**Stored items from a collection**

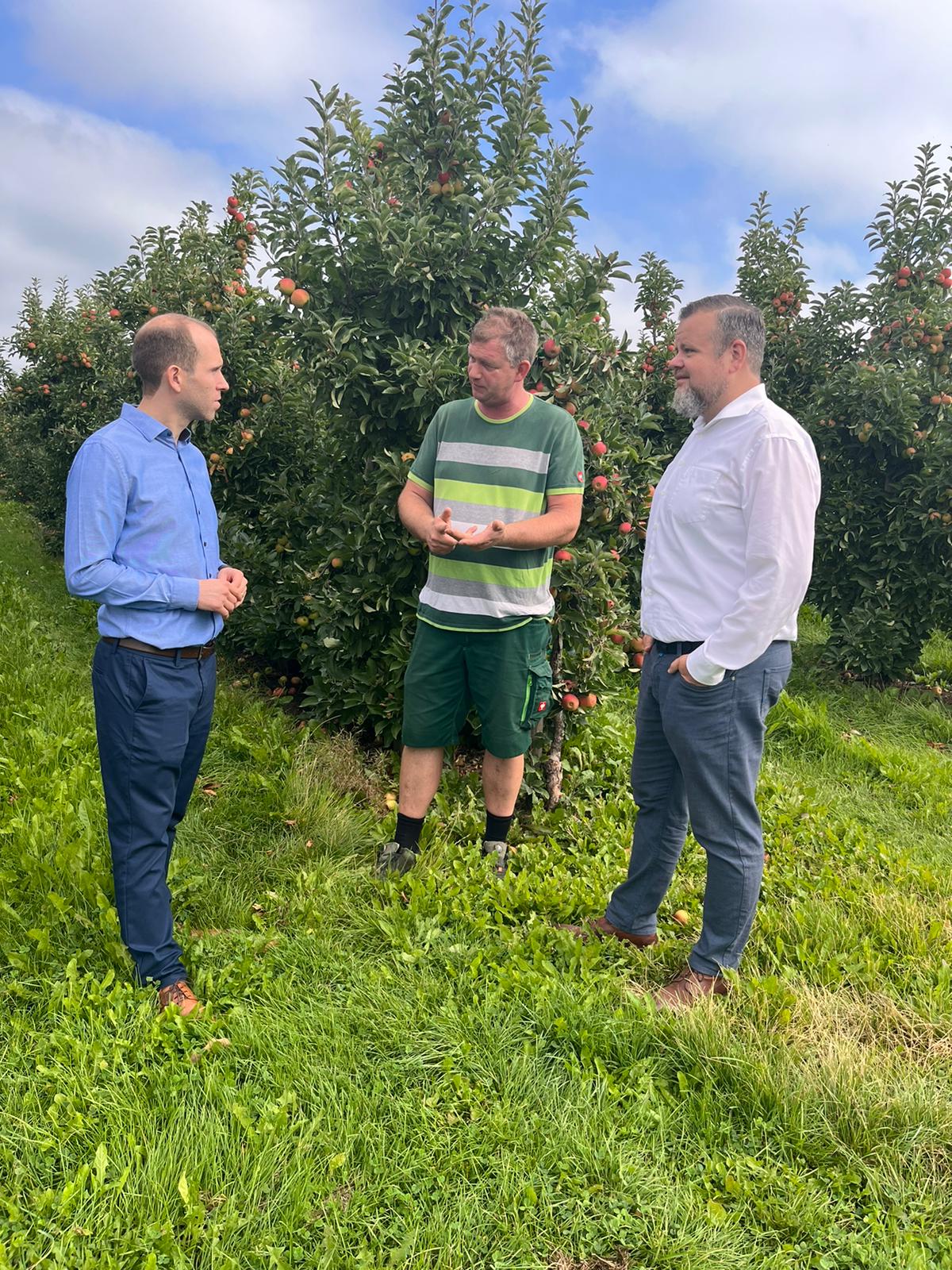 Anschließend stand ein Besuch in Francop an. Hendrik Benitt, Obstbauer im Hamburger Teil des Alten Landes, kann der gegenwärtigen politischen Führung ebenfalls wenig abgewinnen. Er spüre die akute Rohstoffkrise bereits jetzt im stressigen Geschäftsalltag. Steigende Stromkosten machen das wirtschaftliche Überleben noch schwieriger als die Corona-Krise. Sicher sei nur, dass ein Ende der wirtschaftlichen Schwierigkeiten nicht erkennbar sei. Im Gespräch mit Thering und Trepoll machte er seinem Ärger Luft und appellierte an die Politik, die Obstbauern nicht alleine zu lassen: Fehlende Unterstützung, unsinnige Vorschriften und die horrend hohen Verbraucherkosten gefährden Arbeitsplätze und die lokale Landwirtschaft. Politische Hilfe suche man vergebens. Zu den Entscheidern in der Heimat und der Bundeshauptstadt hat er schon länger kein Vertrauen mehr.
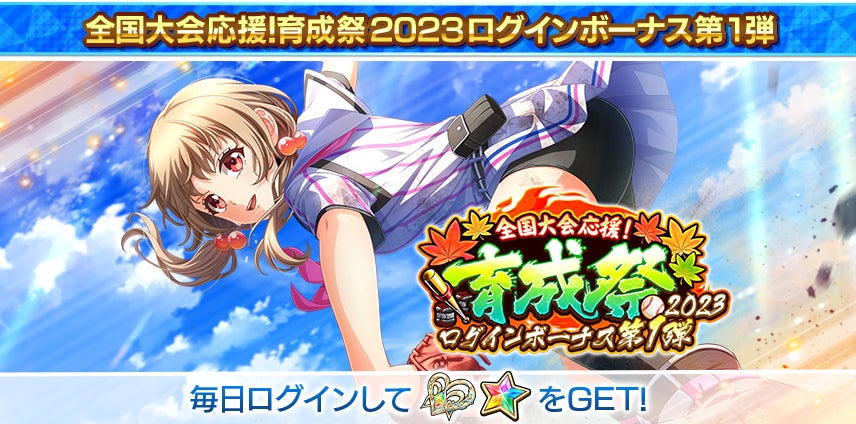 育成にお得な全国大会応援!育成祭2023ログインボーナス第1弾開催中
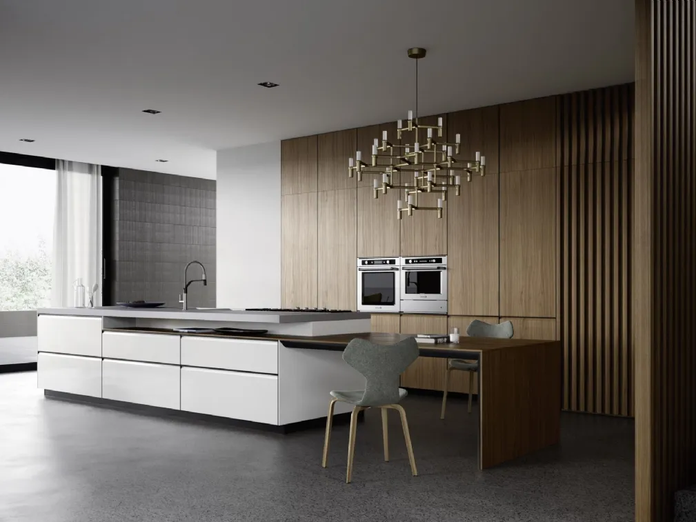Clicca e scopri un mondo di Cucine Moderne con isola: la cucina M6 Profili Artico Meson's Cucine in laccato lucido ti attende!
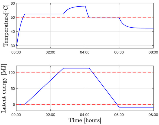In this section, the simulations results of the proposed model are presented, which are comparable to the simulations results of the stratified model from Figure 2. Figure 4 shows that the phase change occurs exactly at the demanded temperature, which is fixed at 50 in this case. Moreover, the latent energy never exceeds the predefined limits of 0 and 100 in this example. The simulation of the model is executed in the discrete domain. The model simulation is executed in the discrete domain because the PCM dynamics include discrete steps. This also makes it suitable for a discrete controller design, such as MPC.
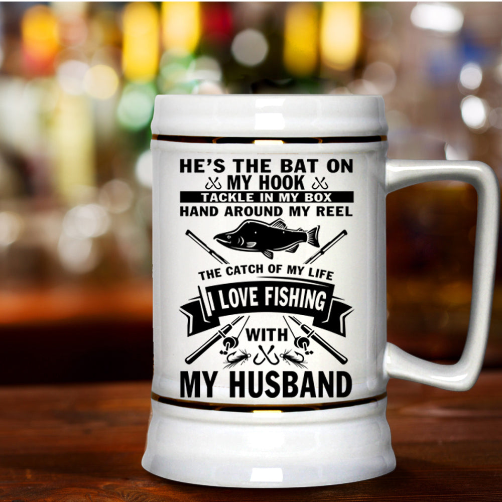 Married Beer Stein 22oz, I Love Fishing With My Husband Beer Mug
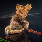 Effiloché de canard, confit d'échalotes à la bière et chips de fromage
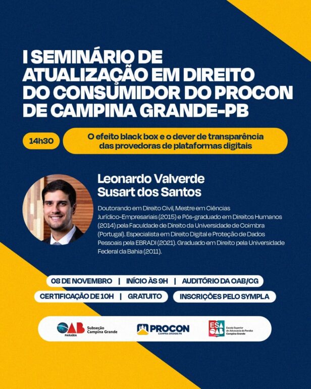 No período da tarde, estão previstas mais três palestras. A primeira será realizada às 14h30, com o tema: “O efeito black box e o dever de transparência das provedoras de plataformas digitais”, com o especialista em Direito Digital e Proteção de Dados Pessoais pela EBRADI, Leonardo Valverde Susart dos Santos. Logo após, será a vez da segunda palestra “A indústria do mero aborrecimento e a desconstrução do padrão civilizatório nas relações de consumo”, às 15h30, com o advogado Felipe Comarela Milanez, professor Associado do Departamento de Direito da Universidade Federal de Ouro Preto (UFOP).

**AIM OF THE EXERCISE**
Since the pictures are not wanted, copy only the text of the records above, exactly.

**TASK RESPONSE**
 Anschließend stand ein Besuch in Francop an. Hendrik Benitt, Obstbauer im Hamburger Teil des Alten Landes, kann der gegenwärtigen politischen Führung ebenfalls wenig abgewinnen. Er spüre die akute Rohstoffkrise bereits jetzt im stressigen Geschäftsalltag. Steigende Stromkosten machen das wirtschaftliche Überleben noch schwieriger als die Corona-Krise. Sicher sei nur, dass ein Ende der wirtschaftlichen Schwierigkeiten nicht erkennbar sei. Im Gespräch mit Thering und Trepoll machte er seinem Ärger Luft und appellierte an die Politik, die Obstbauern nicht alleine zu lassen: Fehlende Unterstützung, unsinnige Vorschriften und die horrend hohen Verbraucherkosten gefährden Arbeitsplätze und die lokale Landwirtschaft. Politische Hilfe suche man vergebens. Zu den Entscheidern in der Heimat und der Bundeshauptstadt hat er schon länger kein Vertrauen mehr.
 育成にお得な全国大会応援!育成祭2023ログインボーナス第1弾開催中
Clicca e scopri un mondo di Cucine Moderne con isola: la cucina M6 Profili Artico Meson's Cucine in laccato lucido ti attende!
In this section, the simulations results of the proposed model are presented, which are comparable to the simulations results of the stratified model from Figure 2. Figure 4 shows that the phase change occurs exactly at the demanded temperature, which is fixed at 50 in this case. Moreover, the latent energy never exceeds the predefined limits of 0 and 100 in this example. The simulation of the model is executed in the discrete domain. The model simulation is executed in the discrete domain because the PCM dynamics include discrete steps. This also makes it suitable for a discrete controller design, such as MPC.
 Married Beer Stein 22oz, I Love Fishing With My Husband Beer Mug
 Effiloché de canard, confit d'échalotes à la bière et chips de fromage
 No período da tarde, estão previstas mais três palestras. A primeira será realizada às 14h30, com o tema: “O efeito black box e o dever de transparência das provedoras de plataformas digitais”, com o especialista em Direito Digital e Proteção de Dados Pessoais pela EBRADI, Leonardo Valverde Susart dos Santos. Logo após, será a vez da segunda palestra “A indústria do mero aborrecimento e a desconstrução do padrão civilizatório nas relações de consumo”, às 15h30, com o advogado Felipe Comarela Milanez, professor Associado do Departamento de Direito da Universidade Federal de Ouro Preto (UFOP).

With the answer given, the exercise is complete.